------ PROVIDED RECORDS ------

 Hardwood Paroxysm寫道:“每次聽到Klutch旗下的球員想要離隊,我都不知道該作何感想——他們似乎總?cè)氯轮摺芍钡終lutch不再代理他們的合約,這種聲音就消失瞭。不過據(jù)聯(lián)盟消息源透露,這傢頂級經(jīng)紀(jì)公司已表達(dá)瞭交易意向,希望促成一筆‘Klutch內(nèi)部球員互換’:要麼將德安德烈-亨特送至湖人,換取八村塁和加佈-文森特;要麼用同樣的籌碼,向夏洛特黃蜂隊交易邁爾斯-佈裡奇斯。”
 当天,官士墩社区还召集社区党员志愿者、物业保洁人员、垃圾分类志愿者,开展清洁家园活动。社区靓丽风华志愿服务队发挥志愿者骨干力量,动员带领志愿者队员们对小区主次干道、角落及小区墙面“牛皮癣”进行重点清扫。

------
------ PROVIDED RECORDS ------

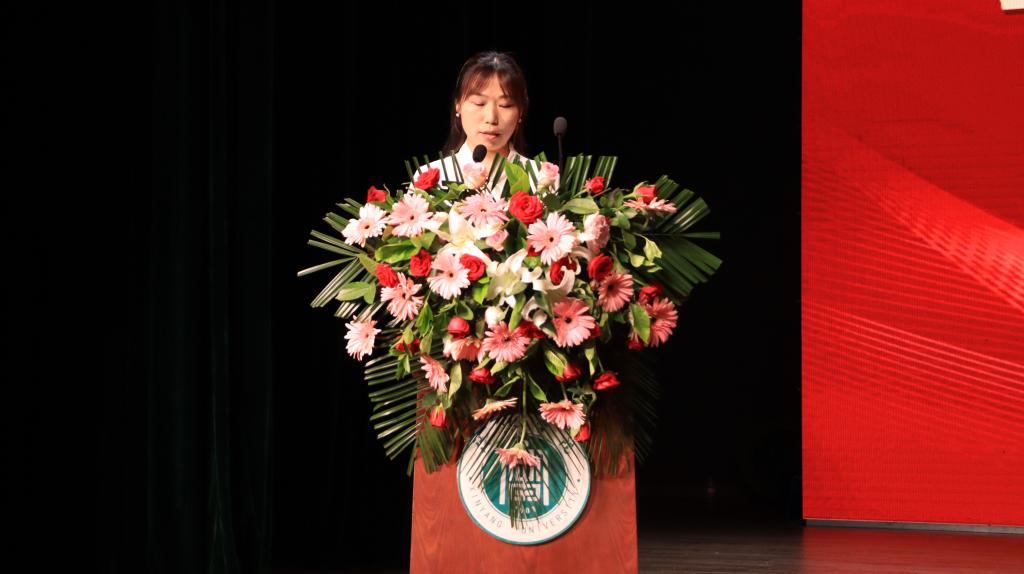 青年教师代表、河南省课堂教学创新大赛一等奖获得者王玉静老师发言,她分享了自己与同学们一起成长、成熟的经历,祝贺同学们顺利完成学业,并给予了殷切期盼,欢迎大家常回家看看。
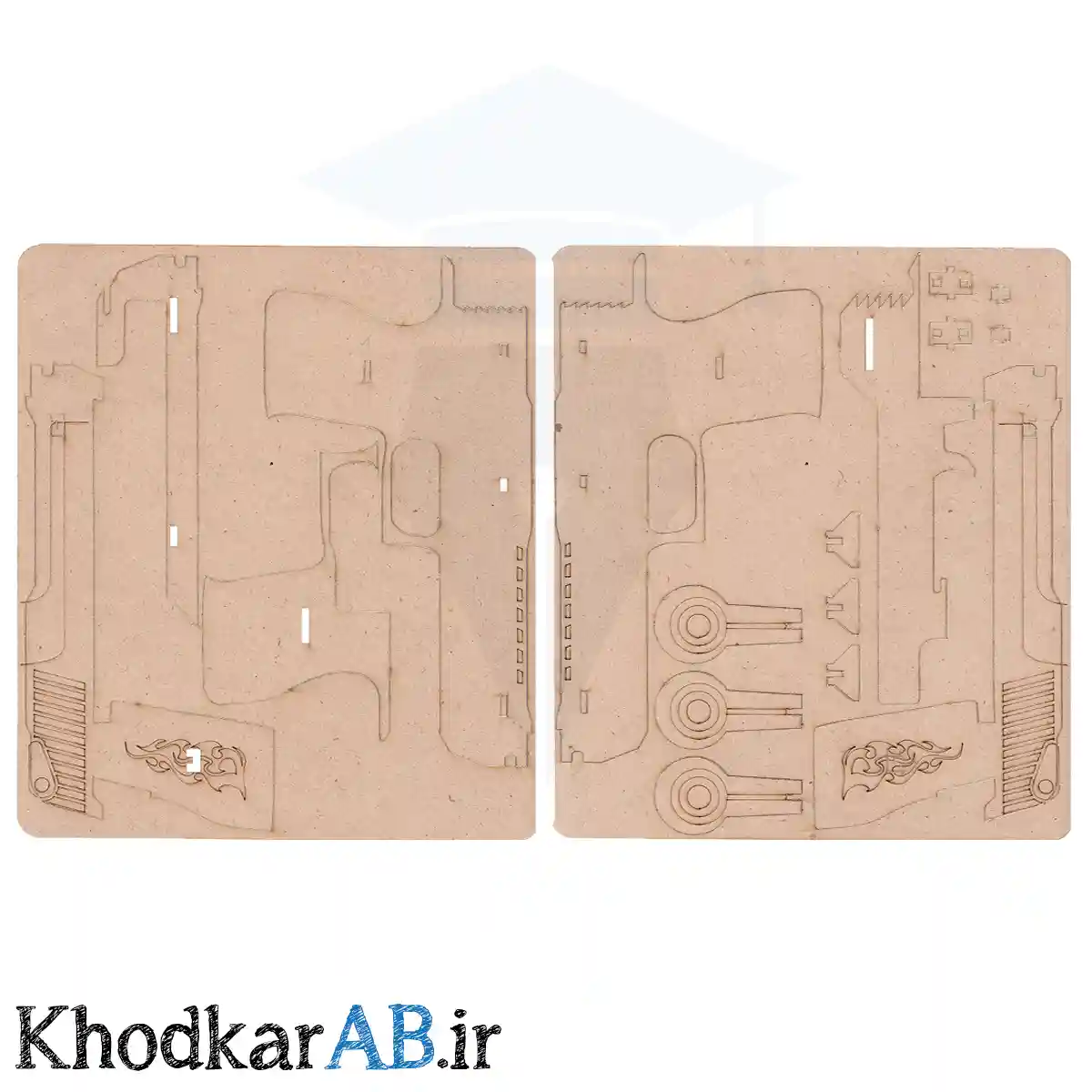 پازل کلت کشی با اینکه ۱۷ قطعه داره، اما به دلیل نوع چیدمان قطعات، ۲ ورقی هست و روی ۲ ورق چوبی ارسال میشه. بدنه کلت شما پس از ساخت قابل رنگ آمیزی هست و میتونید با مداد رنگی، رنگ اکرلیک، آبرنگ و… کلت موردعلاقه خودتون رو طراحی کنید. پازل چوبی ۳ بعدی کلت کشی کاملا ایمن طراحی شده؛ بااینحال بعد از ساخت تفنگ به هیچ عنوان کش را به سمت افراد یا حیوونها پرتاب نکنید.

------

In the entries above, find the line with "青年教师代表、河南省课堂教学" and the line with "پازل کلت کشی". Return exactly those lines and all the ones between them, pictures excluded.

= RESPONSE TO THE EXERCISE =
 青年教师代表、河南省课堂教学创新大赛一等奖获得者王玉静老师发言,她分享了自己与同学们一起成长、成熟的经历,祝贺同学们顺利完成学业,并给予了殷切期盼,欢迎大家常回家看看。
 پازل کلت کشی با اینکه ۱۷ قطعه داره، اما به دلیل نوع چیدمان قطعات، ۲ ورقی هست و روی ۲ ورق چوبی ارسال میشه. بدنه کلت شما پس از ساخت قابل رنگ آمیزی هست و میتونید با مداد رنگی، رنگ اکرلیک، آبرنگ و… کلت موردعلاقه خودتون رو طراحی کنید. پازل چوبی ۳ بعدی کلت کشی کاملا ایمن طراحی شده؛ بااینحال بعد از ساخت تفنگ به هیچ عنوان کش را به سمت افراد یا حیوونها پرتاب نکنید.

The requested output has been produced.